Validation of quantitative transport mapping (QTM) with an ex vivo perfused liver model.

Overview

PURPOSE: To evaluate the accuracy of a deep learning-based quantitative transport mapping method (QTMnet) for measuring total tissue perfusion. METHODS: QTMnet obtains tissue perfusion parametric maps from dynamic contrast-enhanced MRI images by training on simulated data. This data uses synthetic arterial and venous vasculature geometries with flow based on constrained constructive optimization. Gadolinium contrast agent distribution is governed by the transport-forward problem, allowing us to generate a synthetic concentration spacetime profile for a given flow, blood volume fraction, and boundary condition. Tissue flows determined by QTMnet were compared to those obtained with traditional perfusion quantification (Kety equation with Tofts generalization), which uses a global arterial input function.

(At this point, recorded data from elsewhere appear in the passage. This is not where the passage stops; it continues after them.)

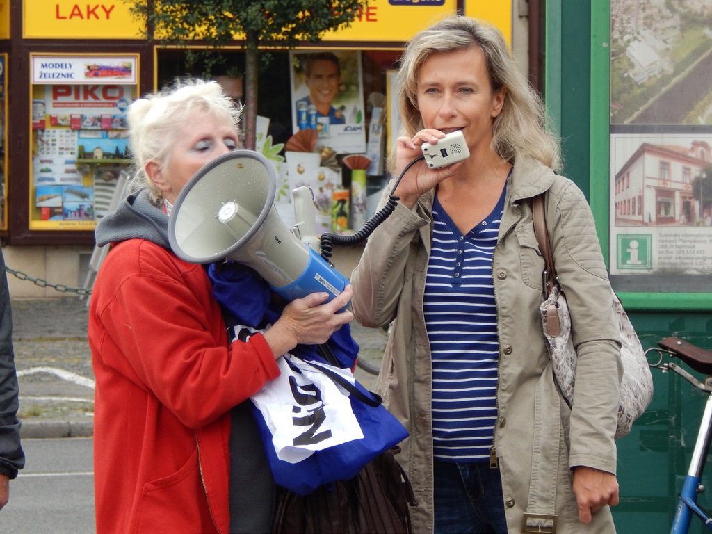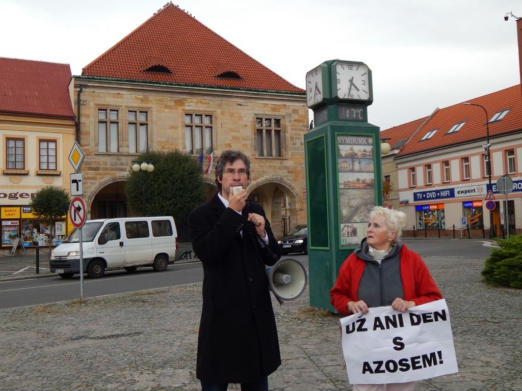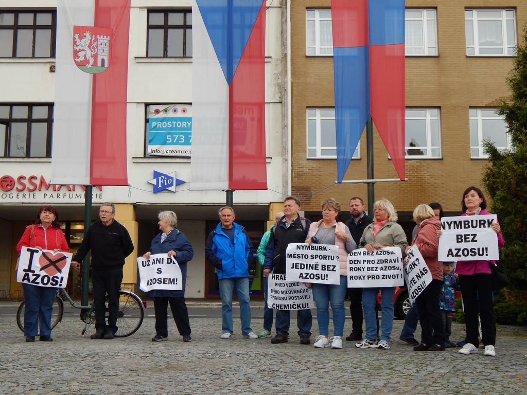 Štěrbová seznámila demonstranty se svojí žádostí, kterou poslala prostřednictvím AK Frank Bold. Jde o Žádost č. 2 o vydání předběžného opatřenípodle § 61 správního řádu společnosti AZOS CZ, s.r.o. zdržet se užívání stavby, která je součástí st.p.č. 2585/1 a st.p.č. 2585/3 v k. ú. Nymburk, pro účely provozu technologie povrchových úprav kovů nebo plastických hmot s použitím elektrolytických nebo chemických postupů v hlavním výrobním objektu, pomocných technických provozech a expedici ve svém areálu na citovaných pozemcích na adrese Pražská 871, Nymburk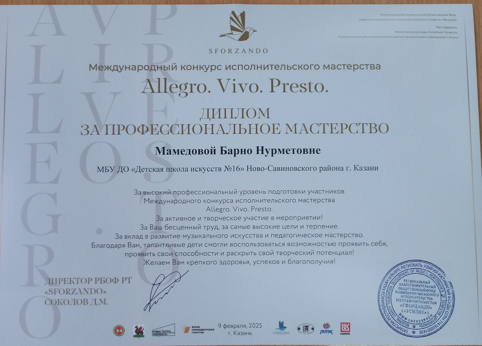 9. Асадуллина В.И. Диплом «За профессиональное мастерство». Международный конкурс исполнительского мастерства «Allegro.Vivo.Presto»
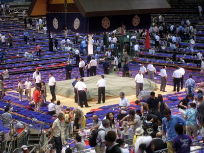À partir du milieu de l’après-midi, l’ambiance gagne progressivement en ferveur et en tension jusqu’au makuuchi. La salle est alors pleine à craquer, vibre comme un seul homme, et plus on grimpe dans la hiérarchie, plus les spectateurs s’expriment : les cris d’encouragements pour les rikishi fusent de toute part, les applaudissements se déchaînent après chaque combat… mais le plus impressionnant reste le silence : juste avant que les lutteurs ne s’élancent l’un contre l’autre, dans les secondes précédant l’impact, le silence est total, plus un son en provenance des milliers de spectateurs, plus un souffle, pas même un raclement de gorge. Jamais on n’entendrait mieux la proverbiale mouche voler….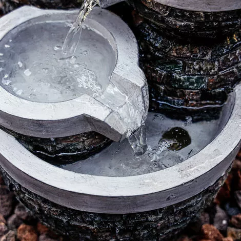 La fontaine à cuvette Cascade Garden Fountain est un ensemble de colonnes de différentes hauteurs, chacune couronnée par un bol. Leau coule doucement den haut sur plusieurs étages vers le bas. De là, il est transporté de manière fiable vers le haut par la pompe. La pompe tire son énergie via le bloc dalimentation de lalimentation électrique ordinaire. La fontaine de jardin est en polyrésine plastique résistante.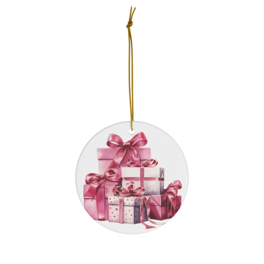 Pink Holiday Gifts Ceramic Christmas Ornament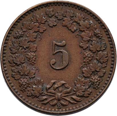 | 2580. | 5 Rap 1874 B, Bern, KM.5 (bilon), 1.627g, nep.hr.,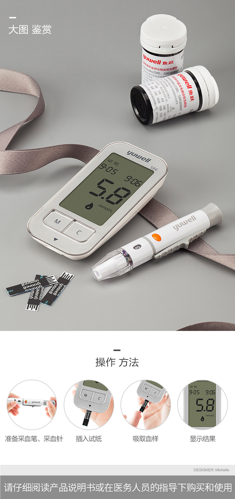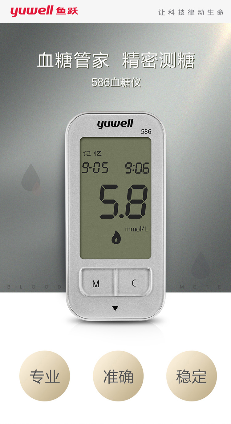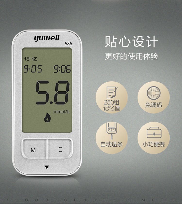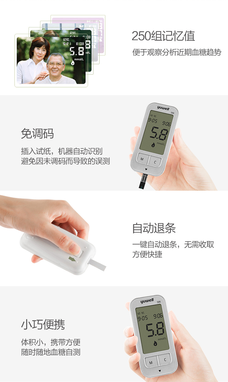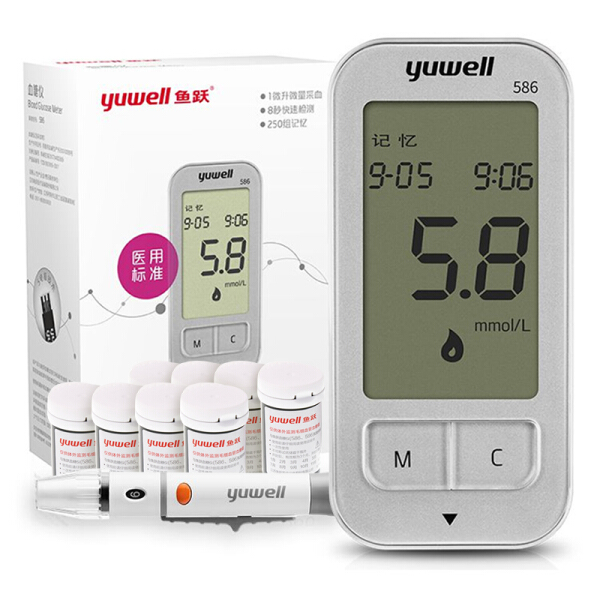 鱼跃 血糖仪586型套装(含200片试纸/采血针)智能免调码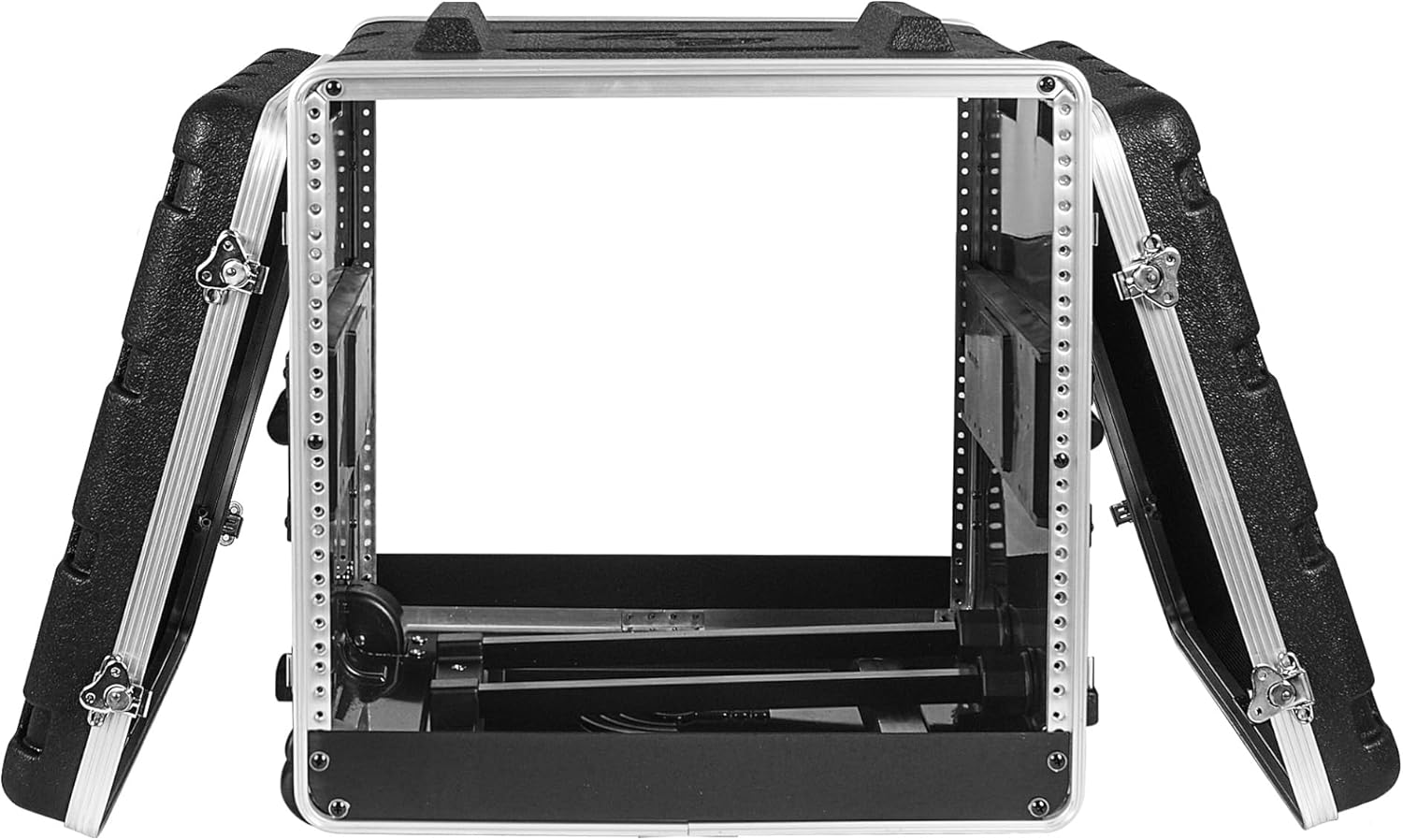 The Sound Town Lightweight 10U PA DJ Rack is designed for portability and durability. Made from ABS construction, it features a retractable handle and wheels for easy transport. With 9U rack space and a depth of 19 inches, it accommodates various DJ equipment securely. Heavy-duty latches ensure that your gear stays protected during travel.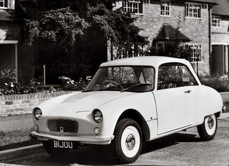 Pour tenter de redresser la barre, les ingénieurs de Slough décident de transformer la vénérable 2CV en un petit roadster plus à même de séduire la clientèle britannique. C’est le designer Peter Kirwan Taylor, qui créera par la suite la Lotus Elite, qui s’y colle, et en 1959, à Earl’s Court, est présenté ce petit Bijou. Le châssis et la mécanique proviennent de la 2CV bien entendu, mais la carrosserie est faite en polyester. Sa ligne fait d’elle une mini Citroën DS, un peu pataude mais plutôt séduisante.
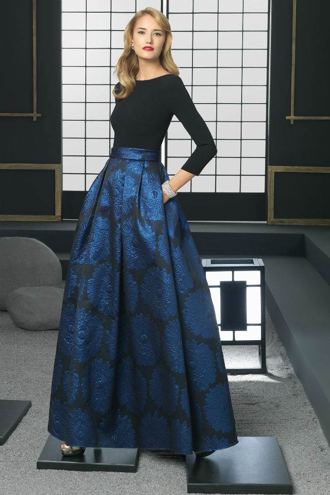 Vestido de brocado y crepé. Si eres de las que les gusta ir un poco más diferente este conjunto innova más, ya que complementa la falda larga en estampado brocado con la sencillez de un top de manga francesa con escote en la espalda en color negro, y juntos hacen la conjunción perfecta.

Their total flow accuracies were validated on explanted porcine livers that were connected to an MR compatible flow pump with specified total flow rate for dynamic contrast-enhanced MRI experiments. RESULTS: The mean total flow error for QTMnet was -0.34% ± 16.21% with range [-24.79%, 23.96%], compared to -35.74% ± 36.30% [-77.28%, 29.87%] for the Kety method. QTMnet provides 72% lower mean absolute error than the Kety method (12.15% vs. 43.21%, a 3.6-fold reduction). CONCLUSION: The fluid mechanics-based QTMnet accurately estimates total tissue flow in liver explants.